*** Opening of DATA EXCERPTS ***

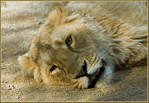 Löwin beim Sonnenbad - Zoo Moulhouse
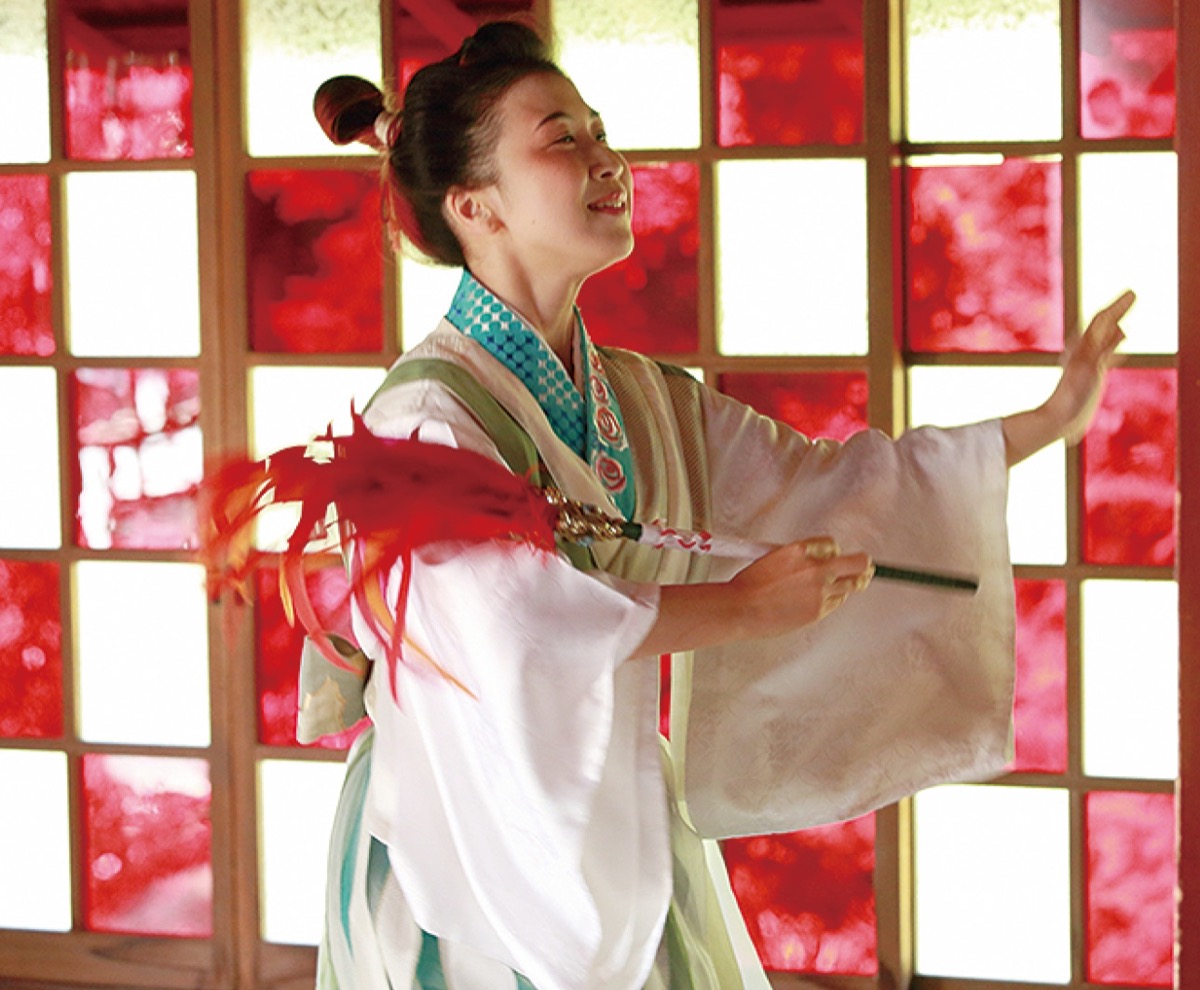 厚木市上荻野の岸邸や同七沢の愛宕社、愛川町中津の古民家山十邸等で神楽師の垣澤瑞貴さんが舞い、「森羅万象すべてに神は宿る」というコンセプトを元に、美しく艶やかな作品を創作した。
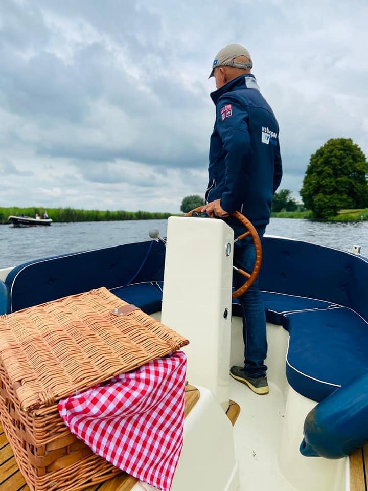 AMERSFOORT- Alles zat vrijdag mee tijdens de tweede opnamedag voor de nieuwe Watersport-TV serie ’Holland Vaart.’ Met een boot van sloepverhuur aan het roer voeren we over de rivier de Eem naar de stad. Onderweg had Marjan Stoker (Chez Nous) voor een rijkelijk gevulde lunchmand gezorgd.
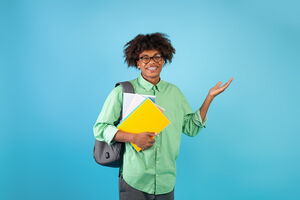 Black female doctor in eyeglasses holding pen and clipboard standing with diverse colleagues in hospital
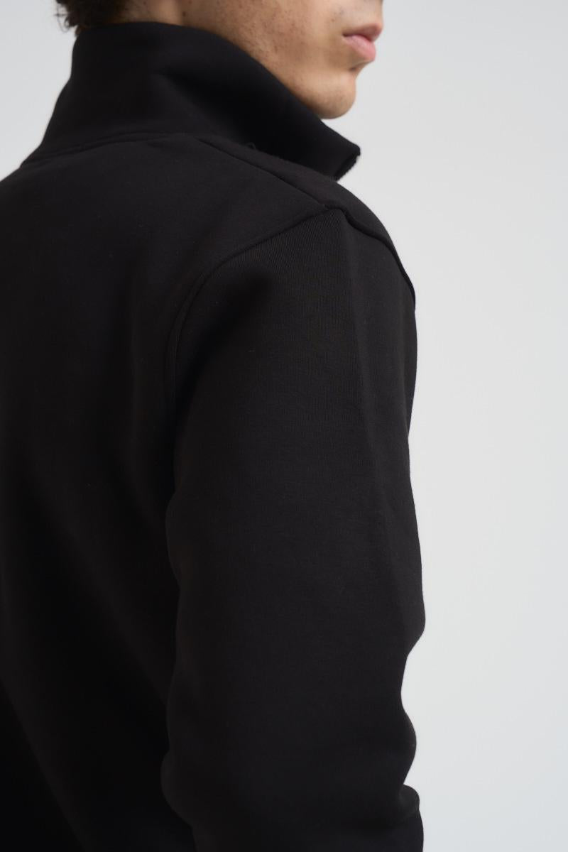 SUPERCULTURE Felpa uomo mezza zip nera. Modello con classico colletto, manica lunga con polsino a costine, brand superculture in bianco sulla manica. Composizione: 65% cotone 35% poliestere. Il modello è alto 190 cm e indossa la taglia L.
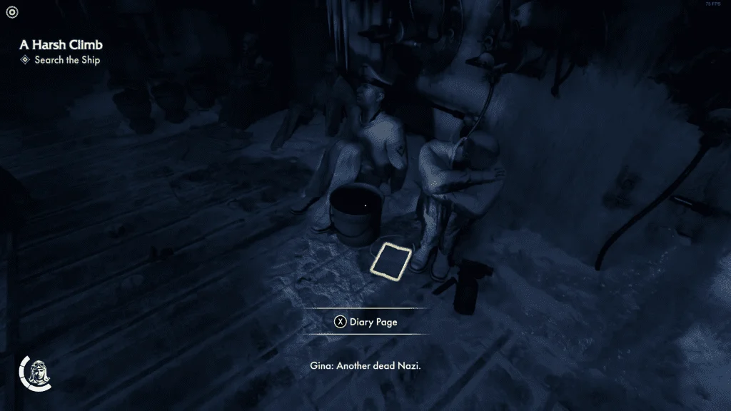 前往甲板的东侧,您会在地板上找到通往底层的梯子。穿过梯子到达房间,你会在办公室休息室中央的桌子中间找到《船长日记》。
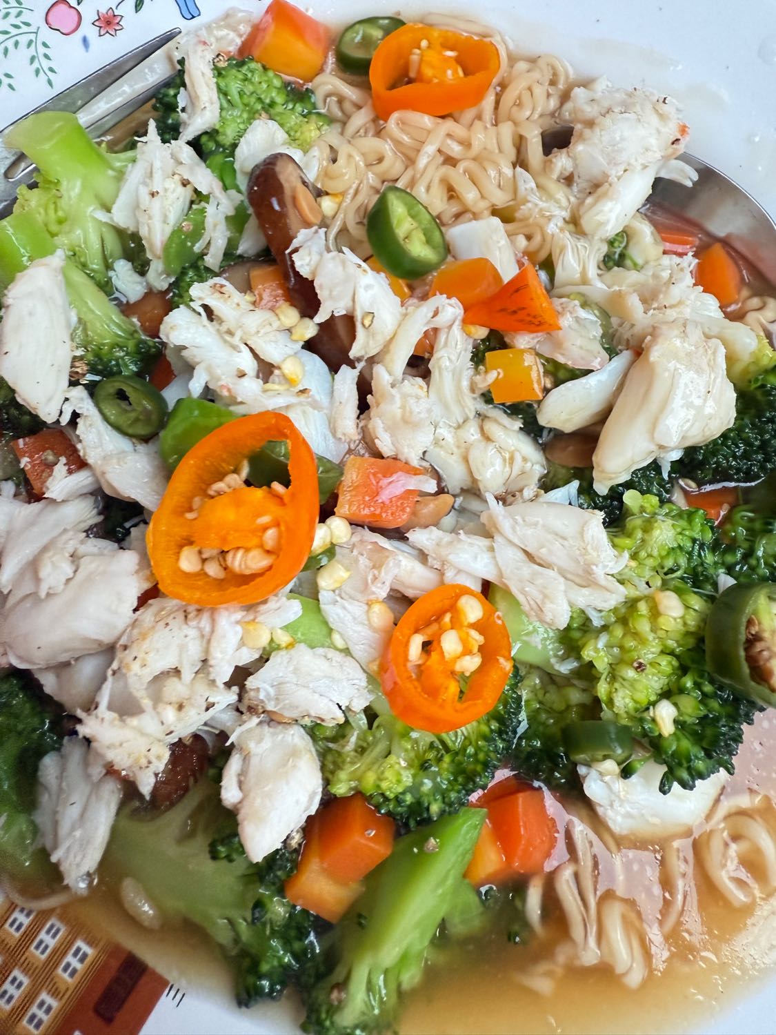 เส้นมาม่าราดหน้าเนื้อปู
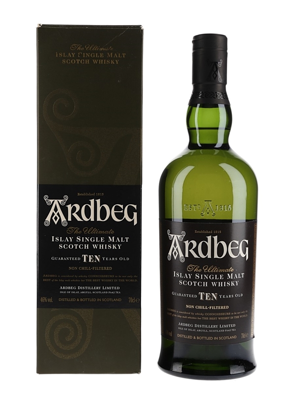 A bottle of Ardbeg 10 Year Old Single Islay Malt Scotch Whisky.
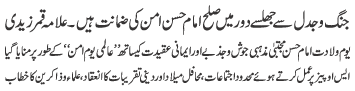 ISLAMABAD, May 9: The Waladat e Purnoor of the Grandson of the Holy Prophet, Hazrat Imam Hassan Mujtaba (AS) will be celebrated today as Youme Aman |
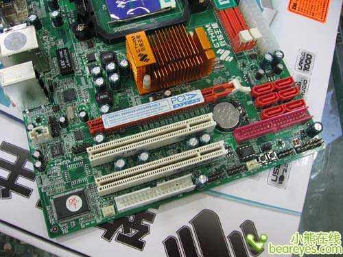 扩展部分,主板提供1条PCIE x16接口和2条PCI接口,这些接口可以满足用户的升级扩展需要。磁盘方面,主板提供6组SATA2接口同时还保留了1个传统的IDE接口,方便了用户的使用。
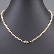 En chûte geknoopt parelcollier van gecultiveerde parels aan 14kt wit- en gouden parelslot, lengte circa 50 cm -drie parels op slot ontbreken-
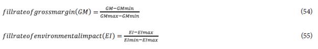 GMmin and EImin are the minimum values of the Gross Margin and the Environmental Impact, respectively. GMmax and GMmin are the maximum values of the both objective functions. Finally, GM and EI are the values for each evaluated fill rate point.
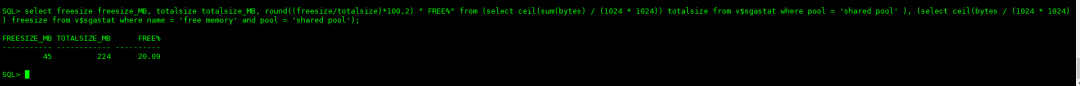 SQL>select f.tablespace_name,a.total,f.free,round((f.free/a.total)*100) "% Free" -

*** Close of DATA EXCERPTS ***

The answer is the full set of records printed exactly, less the pictures.

 Löwin beim Sonnenbad - Zoo Moulhouse
 厚木市上荻野の岸邸や同七沢の愛宕社、愛川町中津の古民家山十邸等で神楽師の垣澤瑞貴さんが舞い、「森羅万象すべてに神は宿る」というコンセプトを元に、美しく艶やかな作品を創作した。
 AMERSFOORT- Alles zat vrijdag mee tijdens de tweede opnamedag voor de nieuwe Watersport-TV serie ’Holland Vaart.’ Met een boot van sloepverhuur aan het roer voeren we over de rivier de Eem naar de stad. Onderweg had Marjan Stoker (Chez Nous) voor een rijkelijk gevulde lunchmand gezorgd.
 Black female doctor in eyeglasses holding pen and clipboard standing with diverse colleagues in hospital
 SUPERCULTURE Felpa uomo mezza zip nera. Modello con classico colletto, manica lunga con polsino a costine, brand superculture in bianco sulla manica. Composizione: 65% cotone 35% poliestere. Il modello è alto 190 cm e indossa la taglia L.
 前往甲板的东侧,您会在地板上找到通往底层的梯子。穿过梯子到达房间,你会在办公室休息室中央的桌子中间找到《船长日记》。
 เส้นมาม่าราดหน้าเนื้อปู
 A bottle of Ardbeg 10 Year Old Single Islay Malt Scotch Whisky.
 ISLAMABAD, May 9: The Waladat e Purnoor of the Grandson of the Holy Prophet, Hazrat Imam Hassan Mujtaba (AS) will be celebrated today as Youme Aman |
 扩展部分,主板提供1条PCIE x16接口和2条PCI接口,这些接口可以满足用户的升级扩展需要。磁盘方面,主板提供6组SATA2接口同时还保留了1个传统的IDE接口,方便了用户的使用。
 En chûte geknoopt parelcollier van gecultiveerde parels aan 14kt wit- en gouden parelslot, lengte circa 50 cm -drie parels op slot ontbreken-
 GMmin and EImin are the minimum values of the Gross Margin and the Environmental Impact, respectively. GMmax and GMmin are the maximum values of the both objective functions. Finally, GM and EI are the values for each evaluated fill rate point.
 SQL>select f.tablespace_name,a.total,f.free,round((f.free/a.total)*100) "% Free" -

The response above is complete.